Last week I had the privilege of speaking before a group of chief audit executives in Atlanta, talking with them about the state of the profession today and the role the CAE does fill—and more importantly, the role he or she should fill—at a large global enterprise. That has been a hot question lately, as you might remember from Compliance Week's previous articles about the future of internal auditing. Let me venture back into that somewhat risky terrain again.
Our conversation (a private event sponsored by software firm BWise) circled around two themes. First, we discussed internal auditing's shift away from inspecting a company's controls, toward scrutinizing the company's risks. Then we pondered whether that shift changes the CAE's role in helping senior management make strategic decisions about the company.
The shift toward risk-based auditing is not exactly news. Through most of the 2000s, internal audit departments were overwhelmed with the Sarbanes-Oxley Act, where they had no time for anything but testing controls over the company's financial reporting. We don't need to recount all the lurid details here, but in the mid-2000s as Corporate America first grappled with SOX compliance, internal audit departments found scads of poor controls and spent several years fixing them. Only by the late 2000s did we see real improvement, with companies disclosing fewer material weaknesses and filing fewer financial restatements.
A funny thing happened, however, on the way to reliable financial reporting: risks proliferated around your company anyway. The financial crisis exposed the threat of counter-party risk, where you might not even know who all your counter-parties are, let alone whether they'll make good on whatever transactions they promised to your company. Earthquakes, nuclear meltdowns, and political upheavals all demonstrated the threat of business continuity risk. Above all, new technology—particularly the rise of wireless devices and cloud computing—drove a huge increase in data security and personnel risk.
For all of those problems (and more), internal auditing's traditional job of testing controls designed to prevent those risks is no longer enough; even a single incident of a control failing to work can devastate your business. As one person in Atlanta said, “You might have a great surveillance program monitoring improper trades at your bank, but it takes only one rogue trader making $2 billion in bad bets to ruin your day.”

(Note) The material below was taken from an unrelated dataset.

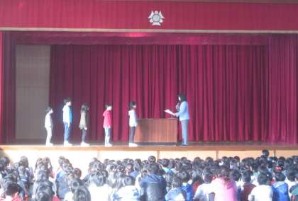12月の朝会では,校長先生から登下校の際には黄帽をしっかりかぶって安全に気を付けることや,人権月間についてのお話がありました。
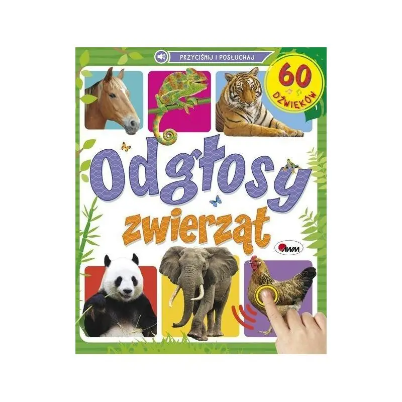 Książka zabiera małych czytelników w niezapomnianą PODRÓŻ DO ŚWIATA ZWIERZĄT. Dzieci znajdą w niej proste WIERSZYKI o wiejskich i dzikich zwierzętach oraz krótkie CIEKAWOSTKI. Wyróżnikiem publikacji jest aż 60 różnorodnych DŹWIĘKÓW. Dzięki niej maluch dowie się, jakie dźwięki wydają koń, dzik, hiena, krokodyl czy panda. Starannie dobrane ZDJĘCIA charakteryzują się ŻYWĄ KOLORYSTYKĄ.

The answer, then, isn't to design ever-more elaborate systems of internal control to prevent those risks, because sooner or later your controls are going fail. Frankly, the more complicated those systems are, the greater the chance that they will fail. Instead, the internal auditing department's job should be about (1) identifying the company's risks; (2) helping to reduce the likelihood of those risks; and (3) helping to ensure that when a risk does strike, it will cause the least disruption possible to the business. Remember that when you hear the consultants talking about “risk-based auditing” and “resilience” and all the related buzzwords, because this is what they mean. You worry about the risk, rather than the control to prevent the risk.
So how is a chief audit executive supposed to lead an internal auditing department in that risk-based context? This is where our Atlanta group grew a bit more uncertain. One speaker was Todd Warren, a senior manager at PwC's Atlanta office who presented some findings from PwC's latest “State of the Internal Audit Profession” study. Two particularly hair-raising statistics: 32 percent of the CAEs surveyed reported “no involvement” in discussions about mergers and acquisitions, and an astonishing 47 percent said the same for discussion about expansion into new geographic markets. Considering that most CEOs count M&A and emerging markets as the two primary sources of revenue growth in coming years, this is not good.
Warren launched into the usual argument that because of this disconnect—that internal auditing needs to play a greater role in risk management, but is consulted too little about the risks that big, strategic decisions may bring—the CAE needs to claim “a seat at the table.” The Institute of Internal Auditors makes this argument too, and there's a lot of sense to it.
Several of the CAEs in the room, however, weren't entirely comfortable with the idea that they should advise on a company's strategic direction. That puts you more in the role of counselor, far from the traditional internal auditing jobs of improving efficiency or assuring that employees follow company policy. For example, if you're going to advise senior managers and the board about risks of expansion into new markets, eventually you may need to tell the CEO that no, selling your best product in China is not a good idea, or that expansion into Russia will cause your anti-corruption risks to soar.
Nobody likes to have those conversations—especially with the boss, and very especially with the board after the boss overrules you. But at least when CAEs have those difficult conversations about sloppy SOX compliance or data security controls, the force of law is on your side. In contrast, difficult conversations about risk and strategy are freighted with ambiguity. Indeed, the objections from the CAEs I met last week were about whether chief audit executives really should act as risk advisers at all. “I'll offer my advice on what a process should be to implement a decision, sure,” one woman said. “But is it really my place as the internal auditor to participate in what the strategic decision is? I'm not sure about that.”
I sense a fundamental tension looming, that as internal auditing moves further and further to a risk-based approach—which is the smart thing to do—the role of the CAE becomes more diplomatic, and even more precarious. Participating in strategic decisions is not easy to do. Not every CAE will have the skill for it.